Em Sinop, o Parque Florestal foi lugar onde as pessoas iam visitar não apenas para tirar foto. Conforme um relato, ele poderia ser utilizado para passar o fim de semana. “Tinha que fazer uma ficha, reservava um local, se autorizava, trazia a churrasqueira, jogava baralho debaixo da sombra. Havia conferência ao final”, relembrou.
O autor deste trabalho lembra dos bailes promovidos no Parque, que fazia um barulho possível de se escutar há centenas de metros do local que emitia o som.
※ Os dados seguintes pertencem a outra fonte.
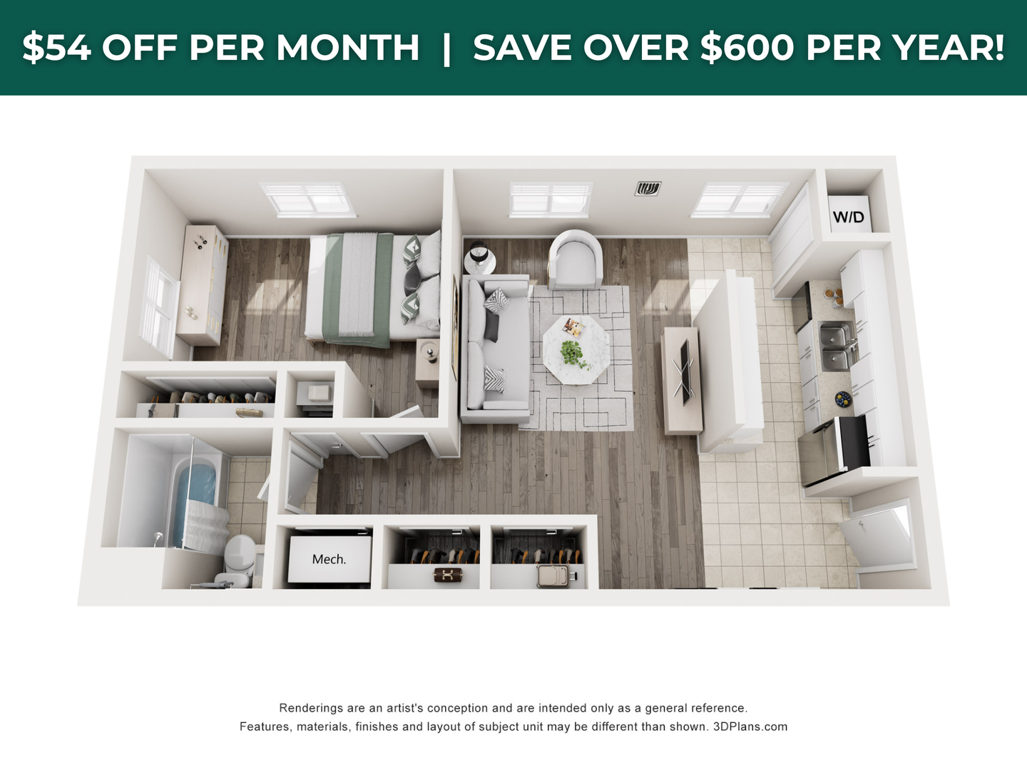 INDIVIDUAL LEASE: Modern 1-bedroom, 1-bath apartment with open-concept living. Enjoy a full kitchen with stainless steel appliances, in-unit washer/dryer, and ample closet space.

E também, na represa do Parque Florestal, que já foi permitido banho, em uma água propícia a levar para casa o “pano branco” na pele do banhista. Por falta de segurança, havia afogamentos com certa frequência. E para “resolver” o problema, a Prefeitura proibiu o banho.
A prática da proibição da frequência de um local público, por causa da omissão dos cuidados do serviço público, possui outros exemplos em Sinop, como a antiga praça União, na avenida dos Jequitibás, que foi cercada para proibir a presença dos “maus cidadãos”; logo, tirou esse espaço público da população. Esse fato também lembra a lógica de certas escolas que, ao receber novos computadores com acesso à internet para o uso dos alunos, preferiam deixar a sala de informática fechada, para os alunos não estragarem os equipamentos. É uma lógica covarde!